Directions for this task: Please print, exactly, only the lines in the entries below from the line that has "To My Future" through the line that has "Eleganckie botki damskie". Pictures don't go in.

Start of Records for this task

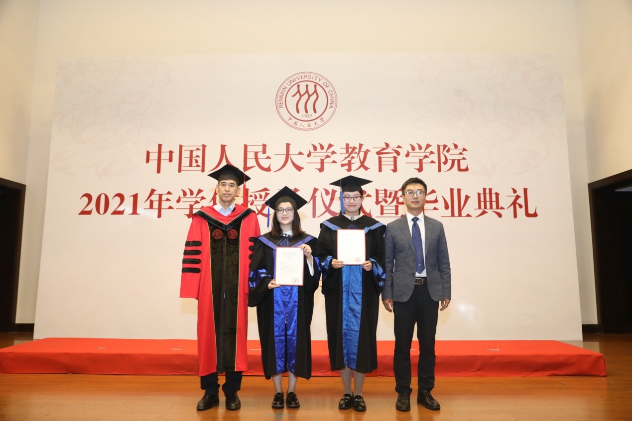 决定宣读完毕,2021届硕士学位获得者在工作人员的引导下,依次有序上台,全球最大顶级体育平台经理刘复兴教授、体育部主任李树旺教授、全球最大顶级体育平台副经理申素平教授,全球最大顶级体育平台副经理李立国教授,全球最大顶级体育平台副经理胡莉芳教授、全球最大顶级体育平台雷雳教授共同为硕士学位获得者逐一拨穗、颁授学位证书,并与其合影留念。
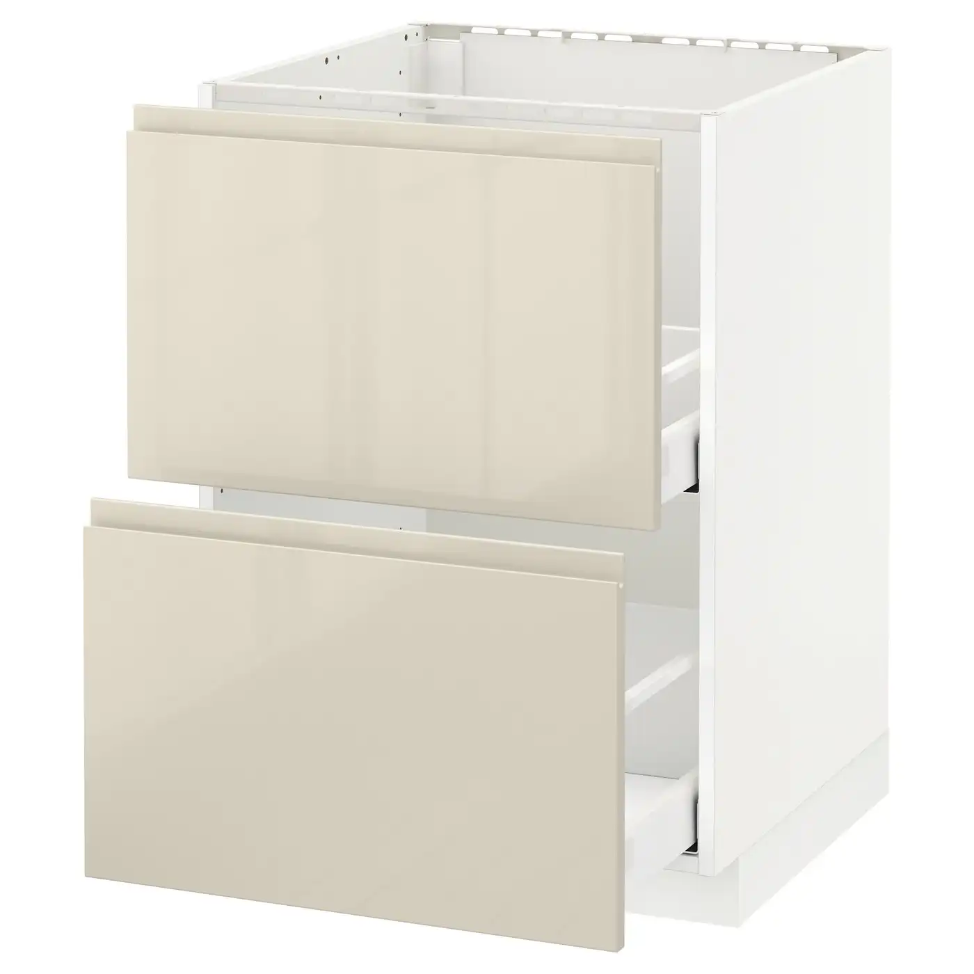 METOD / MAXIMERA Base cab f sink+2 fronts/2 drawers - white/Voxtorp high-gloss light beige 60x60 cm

End of Records for this task
Start of Records for this task

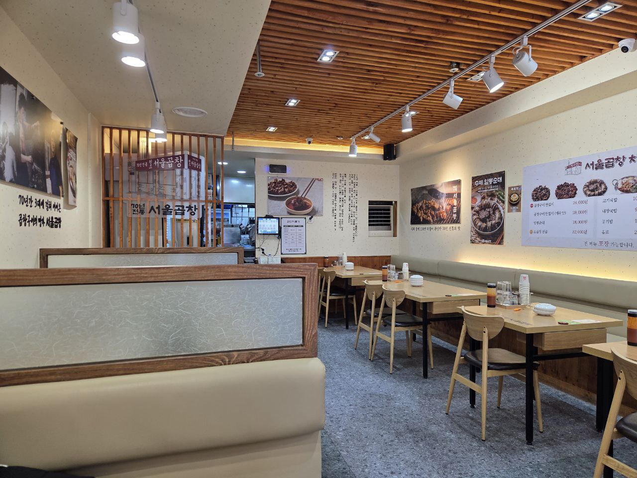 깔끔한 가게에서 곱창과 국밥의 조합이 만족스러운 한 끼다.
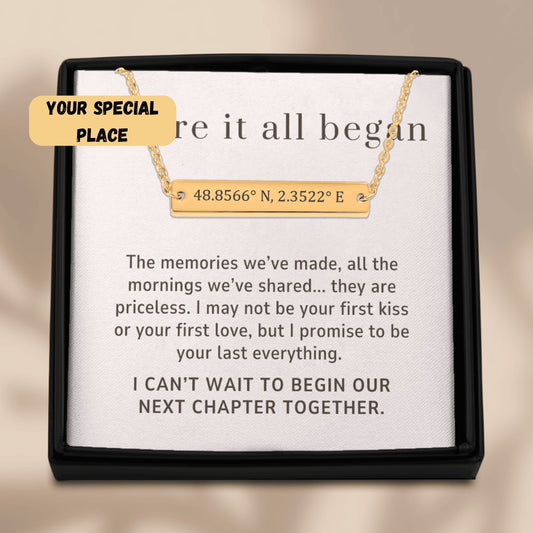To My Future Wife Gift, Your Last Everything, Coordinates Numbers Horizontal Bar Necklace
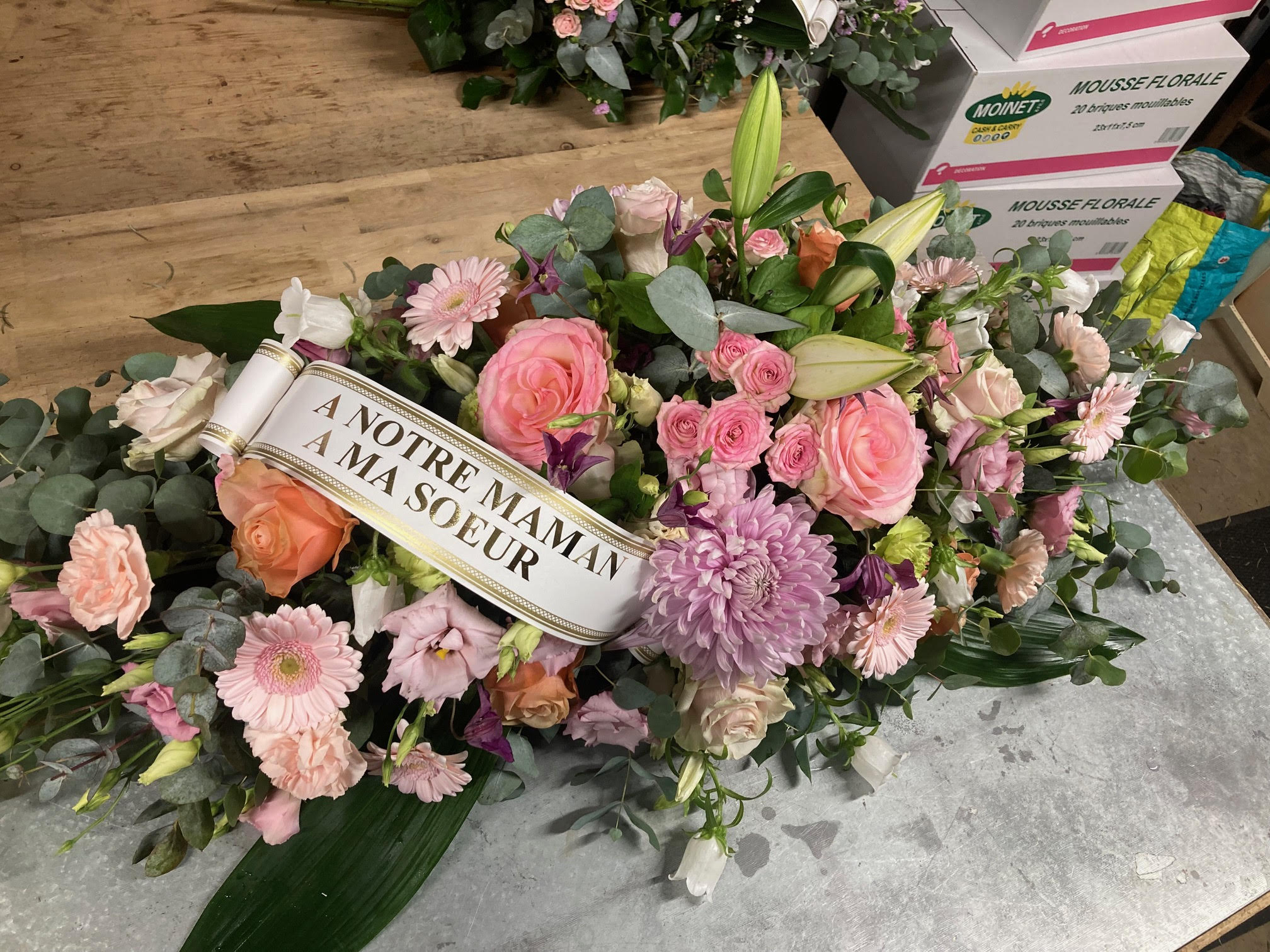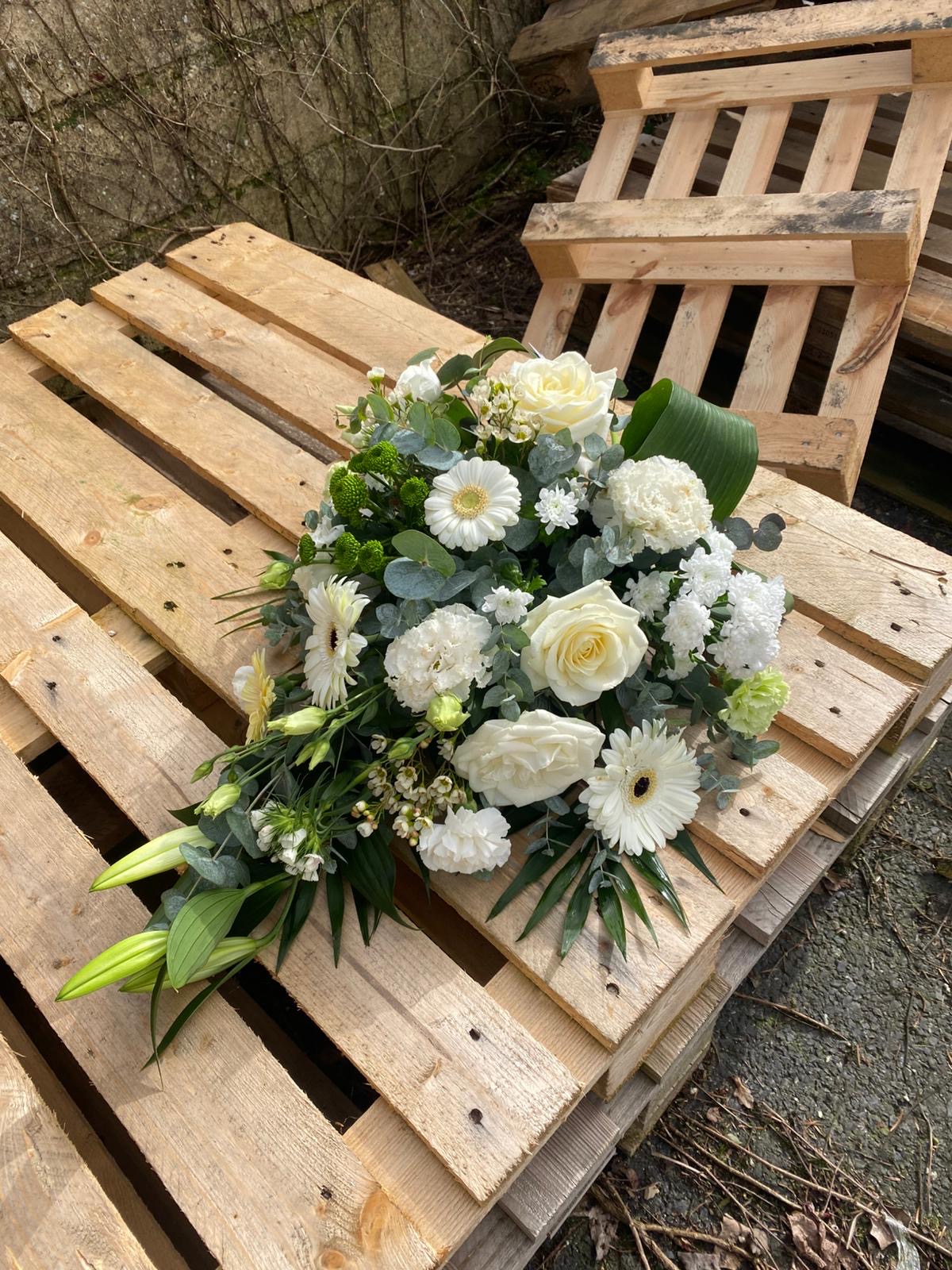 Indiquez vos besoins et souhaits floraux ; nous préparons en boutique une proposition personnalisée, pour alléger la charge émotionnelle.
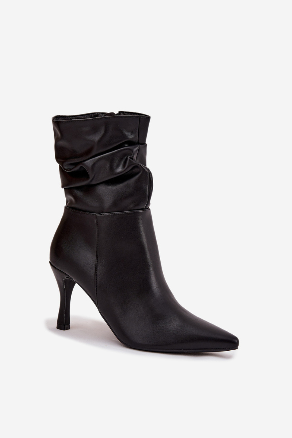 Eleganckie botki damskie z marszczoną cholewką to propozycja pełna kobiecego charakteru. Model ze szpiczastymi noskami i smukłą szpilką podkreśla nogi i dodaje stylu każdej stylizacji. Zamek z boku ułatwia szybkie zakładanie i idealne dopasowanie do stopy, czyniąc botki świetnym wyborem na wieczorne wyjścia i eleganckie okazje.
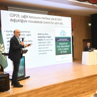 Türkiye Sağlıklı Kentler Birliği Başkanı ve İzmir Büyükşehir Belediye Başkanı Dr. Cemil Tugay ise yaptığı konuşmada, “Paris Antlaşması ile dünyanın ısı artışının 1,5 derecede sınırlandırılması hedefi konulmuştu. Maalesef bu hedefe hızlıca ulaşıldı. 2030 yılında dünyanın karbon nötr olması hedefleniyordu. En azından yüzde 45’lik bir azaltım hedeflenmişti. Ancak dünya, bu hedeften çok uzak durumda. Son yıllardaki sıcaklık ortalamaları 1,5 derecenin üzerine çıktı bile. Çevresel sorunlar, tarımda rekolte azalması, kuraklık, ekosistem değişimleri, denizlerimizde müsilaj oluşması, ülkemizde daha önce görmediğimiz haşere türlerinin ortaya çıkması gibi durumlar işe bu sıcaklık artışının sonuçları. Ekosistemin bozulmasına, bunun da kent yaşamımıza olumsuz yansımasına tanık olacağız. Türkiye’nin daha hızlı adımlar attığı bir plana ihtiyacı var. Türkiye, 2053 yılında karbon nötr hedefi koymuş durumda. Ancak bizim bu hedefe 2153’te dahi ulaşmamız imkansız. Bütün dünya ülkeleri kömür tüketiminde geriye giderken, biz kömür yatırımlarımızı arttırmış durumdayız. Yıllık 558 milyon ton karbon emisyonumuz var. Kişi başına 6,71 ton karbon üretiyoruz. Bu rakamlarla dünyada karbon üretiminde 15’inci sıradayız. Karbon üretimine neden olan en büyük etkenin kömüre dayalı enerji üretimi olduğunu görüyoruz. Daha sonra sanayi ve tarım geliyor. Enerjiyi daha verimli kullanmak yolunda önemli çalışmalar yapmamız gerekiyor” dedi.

End of Records for this task
Start of Records for this task

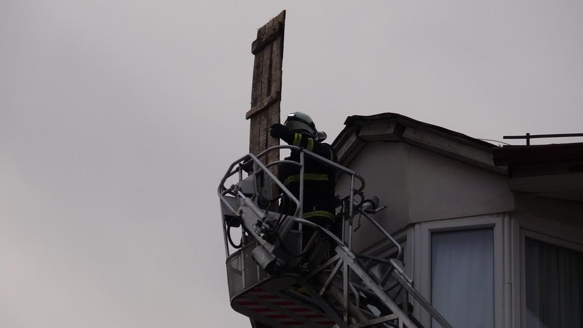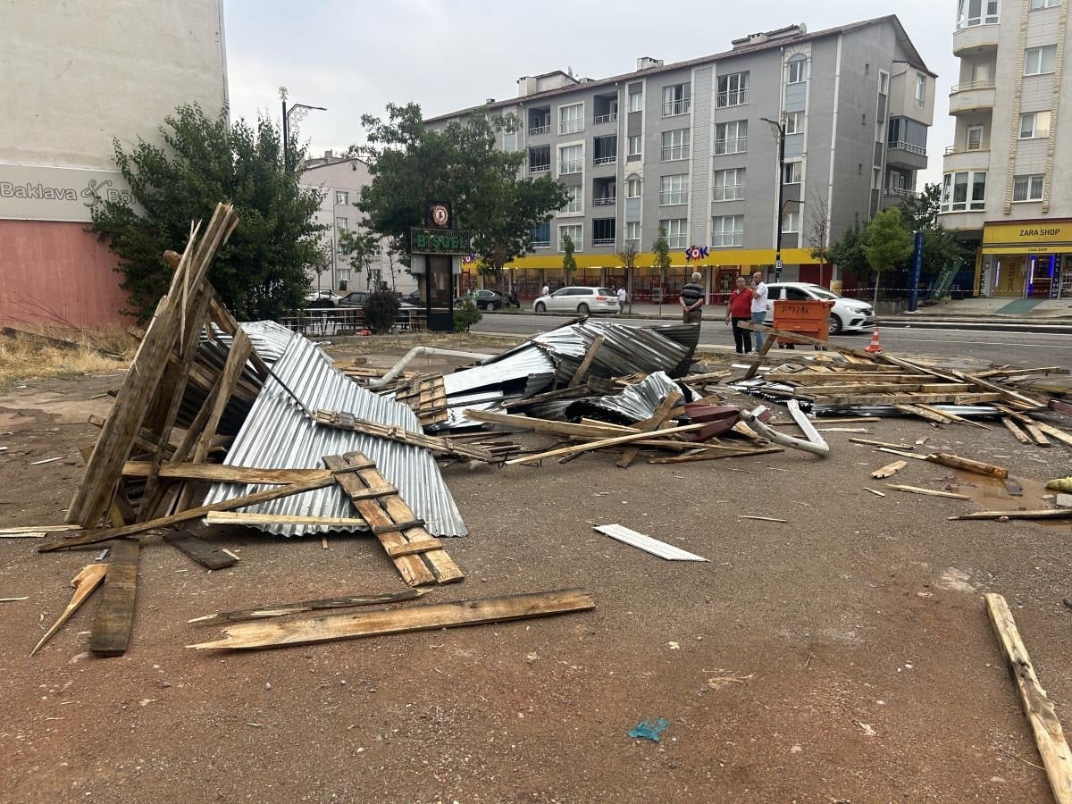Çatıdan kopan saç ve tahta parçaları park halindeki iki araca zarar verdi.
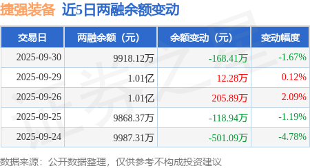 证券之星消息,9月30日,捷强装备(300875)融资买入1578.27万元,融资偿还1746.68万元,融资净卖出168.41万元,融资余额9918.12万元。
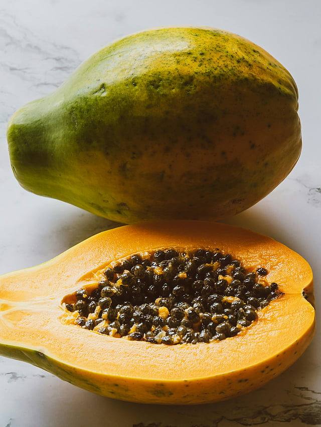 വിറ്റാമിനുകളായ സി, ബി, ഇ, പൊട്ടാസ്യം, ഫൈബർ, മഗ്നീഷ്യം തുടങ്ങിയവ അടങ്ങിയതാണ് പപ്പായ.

End of Records for this task

Solution:
To My Future Wife Gift, Your Last Everything, Coordinates Numbers Horizontal Bar Necklace
 Indiquez vos besoins et souhaits floraux ; nous préparons en boutique une proposition personnalisée, pour alléger la charge émotionnelle.
 Eleganckie botki damskie z marszczoną cholewką to propozycja pełna kobiecego charakteru. Model ze szpiczastymi noskami i smukłą szpilką podkreśla nogi i dodaje stylu każdej stylizacji. Zamek z boku ułatwia szybkie zakładanie i idealne dopasowanie do stopy, czyniąc botki świetnym wyborem na wieczorne wyjścia i eleganckie okazje.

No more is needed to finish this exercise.